An excerpt and short introduction by the author, John C. A. Manley…
Hands on hips, she stood behind the counter, glaring at me.
“No face, no service,” she said clearly and firmly.
“What?” I blurted as the door swung closed behind me, jingling a bell. “You mean: No mask, no service — right?”
“No face, no service,” she repeated with all the sharpness of a knife swiftly slicing bread. “This is a bakery, not a bank.”
The overwhelming smell of fresh sourdough penetrated the polyester mask stretched over my nose, mouth and chin. I took a few slow steps towards the counter separating us, shaking my head in non-understanding.
“A bank?” I almost gasped. “What are you talking about?”
The twenty-something girl with a slight German accent raised a hand mirror from the countertop and aimed it at me.
“You look like a bank robber.”
So opens the first chapter of my forthcoming novel, Much Ado About Corona: A Dystopian Love Story – a book I hope will help derail the corona craze before it’s too late.
“…politicians, governments fear books,” says Richard Evans, author of the New York Times bestseller The Christmas Box, in an interview. “Every revolution started with a book. Every single one of them — whether it is religious, cultural or political — there is always a book at the base of it.”
Uncle Tom’s Cabin had such an effect on the Civil War. When Lincoln met author Harriet Stowe he’s been quoted as saying: “So this is the little lady who started this great war.”

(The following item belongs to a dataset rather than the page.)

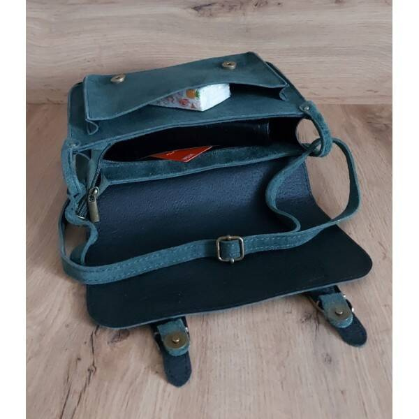 Komora główna listonoszki zapinana na zamek ,pod klapą otwarta przegroda na podręczne gadżety.

Alabama author Mark Childress credited Harper Lee’s To Kill a Mockingbird with having a similar impact on the civil rights movement: “I think the book really helped [white people] come to understand what was wrong with the system in the way that any number of treatises could never do, because it was popular art…”

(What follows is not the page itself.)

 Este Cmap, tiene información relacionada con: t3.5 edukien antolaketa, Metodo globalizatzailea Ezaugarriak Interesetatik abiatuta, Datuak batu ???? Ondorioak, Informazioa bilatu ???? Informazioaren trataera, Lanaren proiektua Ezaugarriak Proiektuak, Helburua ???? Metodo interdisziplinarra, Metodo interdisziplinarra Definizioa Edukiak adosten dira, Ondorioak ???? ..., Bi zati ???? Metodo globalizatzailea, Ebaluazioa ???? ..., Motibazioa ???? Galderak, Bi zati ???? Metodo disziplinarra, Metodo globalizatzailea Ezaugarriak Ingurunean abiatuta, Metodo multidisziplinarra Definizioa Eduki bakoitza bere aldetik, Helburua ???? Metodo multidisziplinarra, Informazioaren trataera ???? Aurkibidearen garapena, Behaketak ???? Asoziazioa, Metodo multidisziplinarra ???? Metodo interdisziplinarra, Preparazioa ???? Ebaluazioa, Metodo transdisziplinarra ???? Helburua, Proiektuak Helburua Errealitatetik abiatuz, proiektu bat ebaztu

Likewise, in the battle against totalitarianism, here are five dystopian classics:
- Aldous Huxley’s Brave New World
- George Orwell’s 1984
- Ray Bradbury’s Fahrenheit 451
- Alan Moore and David Lloyd’s V for Vendetta
- Margaret Atwood’s The Handmaid’s Tale
Back in March of 2020, when lockdown began, I put down the urban fantasy novel I’ve been (re)writing for the last ten years; and picked up my pencil to write a short story set in a grim COVID future. 145,000 words later I was faced with a novel (and a sequel) about the novel coronavirus: Much Ado About Corona: A Dystopian Love Story. It’s a story which seeks not to predict the outcome of the corona hoax but to prevent it. After six hundred hours of work (and counting), I expect the novel will be released by autumn 2021.